[[ Material shown open ]]
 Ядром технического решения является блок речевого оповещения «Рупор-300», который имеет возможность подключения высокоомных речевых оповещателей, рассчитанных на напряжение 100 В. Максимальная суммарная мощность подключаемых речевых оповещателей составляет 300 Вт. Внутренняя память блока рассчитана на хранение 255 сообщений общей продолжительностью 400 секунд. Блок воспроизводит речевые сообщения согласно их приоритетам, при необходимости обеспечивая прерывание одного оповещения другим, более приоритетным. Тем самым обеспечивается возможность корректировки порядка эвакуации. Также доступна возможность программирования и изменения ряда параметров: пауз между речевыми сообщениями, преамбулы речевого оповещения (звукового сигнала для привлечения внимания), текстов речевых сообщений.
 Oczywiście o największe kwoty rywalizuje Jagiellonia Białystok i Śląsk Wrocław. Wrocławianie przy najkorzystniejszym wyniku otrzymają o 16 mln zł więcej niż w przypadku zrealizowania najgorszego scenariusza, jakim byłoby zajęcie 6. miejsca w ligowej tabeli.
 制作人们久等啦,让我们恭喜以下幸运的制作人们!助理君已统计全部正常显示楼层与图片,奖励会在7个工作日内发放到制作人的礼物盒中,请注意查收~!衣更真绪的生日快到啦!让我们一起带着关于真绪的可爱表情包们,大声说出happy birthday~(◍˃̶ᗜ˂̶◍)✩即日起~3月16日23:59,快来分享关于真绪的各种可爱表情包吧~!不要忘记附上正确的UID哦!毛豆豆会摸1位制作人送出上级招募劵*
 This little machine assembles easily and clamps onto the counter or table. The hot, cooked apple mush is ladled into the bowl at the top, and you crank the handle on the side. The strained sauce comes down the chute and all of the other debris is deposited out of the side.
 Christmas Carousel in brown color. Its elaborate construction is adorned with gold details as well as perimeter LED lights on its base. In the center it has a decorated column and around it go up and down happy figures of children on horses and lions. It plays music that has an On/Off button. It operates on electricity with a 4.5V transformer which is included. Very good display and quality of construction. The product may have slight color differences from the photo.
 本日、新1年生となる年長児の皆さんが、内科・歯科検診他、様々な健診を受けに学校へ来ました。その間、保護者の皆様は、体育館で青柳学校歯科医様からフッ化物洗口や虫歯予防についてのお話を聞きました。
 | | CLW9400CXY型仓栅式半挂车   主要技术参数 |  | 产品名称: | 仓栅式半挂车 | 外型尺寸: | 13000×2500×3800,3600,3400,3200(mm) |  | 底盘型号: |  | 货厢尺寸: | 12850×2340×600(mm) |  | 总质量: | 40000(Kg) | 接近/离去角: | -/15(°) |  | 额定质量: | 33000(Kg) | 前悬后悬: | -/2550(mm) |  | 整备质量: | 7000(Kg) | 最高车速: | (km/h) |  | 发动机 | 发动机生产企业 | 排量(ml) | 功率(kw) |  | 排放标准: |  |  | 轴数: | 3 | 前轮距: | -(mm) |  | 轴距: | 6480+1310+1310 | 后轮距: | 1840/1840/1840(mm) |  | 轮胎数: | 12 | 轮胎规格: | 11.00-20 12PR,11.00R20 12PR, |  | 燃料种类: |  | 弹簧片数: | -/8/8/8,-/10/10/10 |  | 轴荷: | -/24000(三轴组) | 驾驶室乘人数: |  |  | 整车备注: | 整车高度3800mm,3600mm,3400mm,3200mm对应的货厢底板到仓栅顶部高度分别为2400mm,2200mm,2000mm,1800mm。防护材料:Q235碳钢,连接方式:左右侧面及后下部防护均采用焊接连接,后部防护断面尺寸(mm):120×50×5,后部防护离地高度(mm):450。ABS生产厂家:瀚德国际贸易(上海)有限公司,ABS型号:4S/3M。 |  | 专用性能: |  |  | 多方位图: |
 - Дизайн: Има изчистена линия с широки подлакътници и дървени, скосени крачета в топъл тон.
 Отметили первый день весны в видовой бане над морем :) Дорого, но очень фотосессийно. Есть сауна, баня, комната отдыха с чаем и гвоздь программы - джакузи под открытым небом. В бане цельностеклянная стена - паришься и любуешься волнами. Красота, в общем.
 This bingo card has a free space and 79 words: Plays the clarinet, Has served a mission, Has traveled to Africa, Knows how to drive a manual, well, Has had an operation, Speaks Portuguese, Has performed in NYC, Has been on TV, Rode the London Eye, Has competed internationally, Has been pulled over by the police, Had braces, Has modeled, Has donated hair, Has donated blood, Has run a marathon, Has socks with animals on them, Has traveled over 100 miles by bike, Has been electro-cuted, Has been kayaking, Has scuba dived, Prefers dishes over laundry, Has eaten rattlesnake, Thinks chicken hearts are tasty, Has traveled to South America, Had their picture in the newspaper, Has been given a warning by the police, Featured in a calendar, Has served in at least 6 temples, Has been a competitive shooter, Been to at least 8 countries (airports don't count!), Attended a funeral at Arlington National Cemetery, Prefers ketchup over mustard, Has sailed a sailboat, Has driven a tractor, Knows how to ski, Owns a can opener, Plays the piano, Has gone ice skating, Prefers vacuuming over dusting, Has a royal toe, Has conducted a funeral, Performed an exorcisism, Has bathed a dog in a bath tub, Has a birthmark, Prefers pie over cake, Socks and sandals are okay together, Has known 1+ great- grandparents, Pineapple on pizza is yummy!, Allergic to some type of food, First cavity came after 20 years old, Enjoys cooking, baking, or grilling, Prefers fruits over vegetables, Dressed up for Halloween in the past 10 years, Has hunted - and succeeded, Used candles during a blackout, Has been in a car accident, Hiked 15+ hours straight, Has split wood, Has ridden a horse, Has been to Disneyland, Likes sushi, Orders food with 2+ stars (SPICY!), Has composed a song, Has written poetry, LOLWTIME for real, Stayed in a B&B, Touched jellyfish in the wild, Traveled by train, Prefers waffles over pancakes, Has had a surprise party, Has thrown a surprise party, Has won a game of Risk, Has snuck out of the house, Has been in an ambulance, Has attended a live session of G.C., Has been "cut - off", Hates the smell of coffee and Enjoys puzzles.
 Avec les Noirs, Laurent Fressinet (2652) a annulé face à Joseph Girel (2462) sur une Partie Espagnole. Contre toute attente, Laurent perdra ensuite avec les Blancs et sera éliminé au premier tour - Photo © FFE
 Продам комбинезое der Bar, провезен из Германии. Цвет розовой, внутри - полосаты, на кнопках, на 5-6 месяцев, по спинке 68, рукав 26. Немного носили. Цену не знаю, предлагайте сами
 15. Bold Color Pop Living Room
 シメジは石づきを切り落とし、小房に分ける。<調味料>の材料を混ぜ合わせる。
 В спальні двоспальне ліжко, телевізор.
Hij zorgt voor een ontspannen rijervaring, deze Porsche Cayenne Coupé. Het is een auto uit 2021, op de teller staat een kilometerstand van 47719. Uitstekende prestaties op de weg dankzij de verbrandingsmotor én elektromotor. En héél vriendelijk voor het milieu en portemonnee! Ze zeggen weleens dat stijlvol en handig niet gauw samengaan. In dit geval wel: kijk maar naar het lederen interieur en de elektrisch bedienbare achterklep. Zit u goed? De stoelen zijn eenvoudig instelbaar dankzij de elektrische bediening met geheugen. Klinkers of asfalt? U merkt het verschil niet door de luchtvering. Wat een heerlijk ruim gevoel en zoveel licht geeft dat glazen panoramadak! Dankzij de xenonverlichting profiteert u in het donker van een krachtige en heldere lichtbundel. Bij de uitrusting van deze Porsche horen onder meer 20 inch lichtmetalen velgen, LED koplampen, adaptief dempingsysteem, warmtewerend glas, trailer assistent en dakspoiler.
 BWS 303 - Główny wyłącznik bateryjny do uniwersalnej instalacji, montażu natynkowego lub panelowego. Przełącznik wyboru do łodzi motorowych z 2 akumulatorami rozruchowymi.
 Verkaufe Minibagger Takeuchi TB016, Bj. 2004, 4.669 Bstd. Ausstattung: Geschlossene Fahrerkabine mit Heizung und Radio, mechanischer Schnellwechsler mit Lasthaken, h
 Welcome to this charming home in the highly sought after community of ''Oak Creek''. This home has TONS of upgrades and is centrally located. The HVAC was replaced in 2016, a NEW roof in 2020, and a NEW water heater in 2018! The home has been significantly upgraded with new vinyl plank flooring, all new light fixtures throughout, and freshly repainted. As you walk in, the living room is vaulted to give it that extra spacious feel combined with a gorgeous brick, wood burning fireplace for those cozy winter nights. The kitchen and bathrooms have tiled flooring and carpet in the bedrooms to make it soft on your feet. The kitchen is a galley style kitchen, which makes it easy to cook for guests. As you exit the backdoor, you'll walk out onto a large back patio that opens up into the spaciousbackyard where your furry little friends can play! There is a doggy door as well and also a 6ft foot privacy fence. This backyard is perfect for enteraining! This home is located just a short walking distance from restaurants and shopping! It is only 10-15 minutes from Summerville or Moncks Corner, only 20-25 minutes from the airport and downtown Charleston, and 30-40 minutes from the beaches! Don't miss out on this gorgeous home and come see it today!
[[ Material shown closed ]]
Your instructions >> The lines to extract from the data above begin with the line containing "BWS 303 - Główny" and end with the line containing "Verkaufe Minibagger Takeuchi". Extract them exactly, including both.

Task solution >>
 BWS 303 - Główny wyłącznik bateryjny do uniwersalnej instalacji, montażu natynkowego lub panelowego. Przełącznik wyboru do łodzi motorowych z 2 akumulatorami rozruchowymi.
 Verkaufe Minibagger Takeuchi TB016, Bj. 2004, 4.669 Bstd. Ausstattung: Geschlossene Fahrerkabine mit Heizung und Radio, mechanischer Schnellwechsler mit Lasthaken, h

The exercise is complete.